Недалеко от шлюза «Мирафлорес» находится поселок Кукарача. Он знаменит своими национальными танцами. Отсюда, очевидно, и взяла свое название нашумевшая у нас кинокартина.
Во время следования каналом мы видели двух крокодилов, которые пересекали канал и плыли на другой берег. Лоцман сказал, что здесь это нередкое явление. Крокодилов много по нежилым берегам канала.
Поздно вечером «Гдов» проходит последний шлюз «Мирафлорес». Неоновая красная стрела указывает путь.

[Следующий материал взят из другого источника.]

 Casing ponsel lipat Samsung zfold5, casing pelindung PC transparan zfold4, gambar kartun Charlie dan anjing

На ней горит надпись: «Pacific Ocean».
Скоро погасли огни канала, оставив на темном кебе легкое красноватое зарево, и «Гдов» вошел в Тихий океан.

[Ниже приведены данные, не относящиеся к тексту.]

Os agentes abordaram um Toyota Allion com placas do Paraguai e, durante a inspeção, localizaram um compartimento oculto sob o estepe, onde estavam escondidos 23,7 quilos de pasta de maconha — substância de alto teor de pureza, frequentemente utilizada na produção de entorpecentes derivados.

Я стою на руле. Погода испортилась. Пустынный свинцово-серый океан. Зловещее серое небо с черными, низко плывущими облаками. Ветер, дувший с юга, почти прекратился. Он то затихает совсем, то начинает свистеть в вантах и снова затихает, чтобы подуть с другого румба.
От норд-веста идет огромная, но уже ослабевшая пологая зыбь. Наверное, где-то далеко ревет шторм. «Гдов» кивает каждой волне, образуя по бортам орнамент из белой шипящей пены.
Ветер совсем затих.
Что-то тяжелое, удушливое нависло над нами. Люди бродят по палубе вялые, обливаются потом и пьют, пьют без конца. Но жажда не утоляется.
Кочегары изнемогают. Каракаш потерял сознание у котла, и его вынесли на палубу. Он лежит, как вытащенная из воды рыба, и судорожно глотает воздух открытым ртом.
Андрей Федорович ходит по мостику мрачный. Нежное перышко барографа беспристрастно пишет тонкую линию. Она катастрофически опускается вниз.
Я слышал, как Андрей Федорович приказал старпому: — Алексей Алексеевич, еще раз проверьте все. Особенно — как закрыты трюма. Надо приготовиться к худшему. В девять часов получим сводку погоды…
В начале десятого на мостик прибежала Наденька с белым бланком в руках. Лицо ее было озабоченно.
— Этого следовало ожидать, — проговорил капитан, пробежав глазами радиограмму. — Идет ураган от норд-веста со скоростью сто миль в час. Придется уходить, чтобы не попасть в центр.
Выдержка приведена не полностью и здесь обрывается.